## ABOUT THIS TASK
Return, from the material below, each line in which the word "داخله" is present.

## EXTRACTED MATERIAL
────

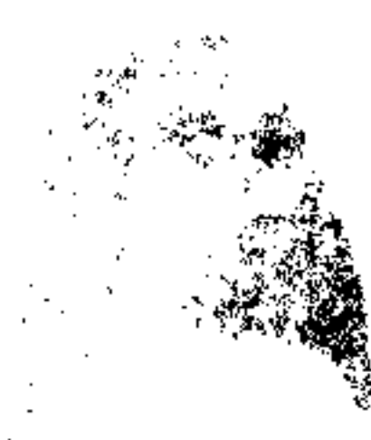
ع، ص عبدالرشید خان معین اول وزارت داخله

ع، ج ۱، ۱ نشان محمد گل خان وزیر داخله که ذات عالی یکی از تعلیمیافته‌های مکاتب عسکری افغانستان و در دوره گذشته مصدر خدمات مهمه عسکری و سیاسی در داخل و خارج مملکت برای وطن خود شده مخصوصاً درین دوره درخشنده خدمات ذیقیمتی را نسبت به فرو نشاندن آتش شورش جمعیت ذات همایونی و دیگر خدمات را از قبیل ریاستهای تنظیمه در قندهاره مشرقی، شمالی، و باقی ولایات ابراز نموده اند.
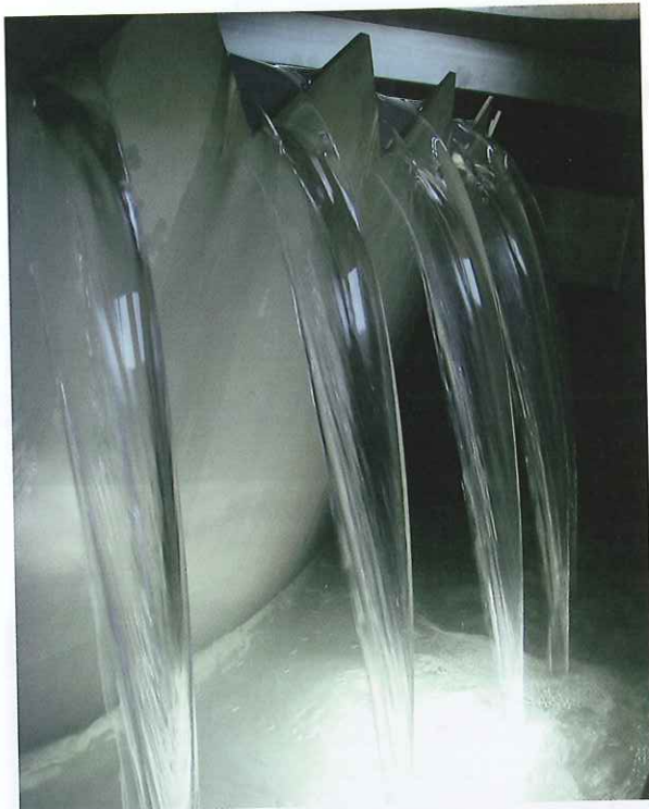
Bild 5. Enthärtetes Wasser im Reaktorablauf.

────

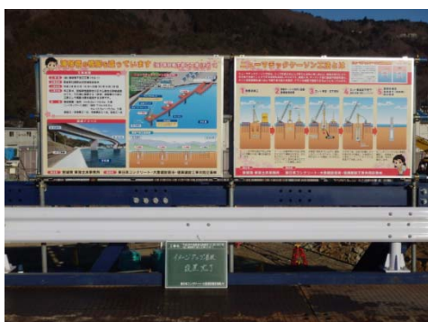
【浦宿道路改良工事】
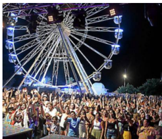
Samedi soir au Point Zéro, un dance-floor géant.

────

## RESPONSE AREA
ع، ص عبدالرشید خان معین اول وزارت داخله
ع، ج ۱، ۱ نشان محمد گل خان وزیر داخله که ذات عالی یکی از تعلیمیافته‌های مکاتب عسکری افغانستان و در دوره گذشته مصدر خدمات مهمه عسکری و سیاسی در داخل و خارج مملکت برای وطن خود شده مخصوصاً درین دوره درخشنده خدمات ذیقیمتی را نسبت به فرو نشاندن آتش شورش جمعیت ذات همایونی و دیگر خدمات را از قبیل ریاستهای تنظیمه در قندهاره مشرقی، شمالی، و باقی ولایات ابراز نموده اند.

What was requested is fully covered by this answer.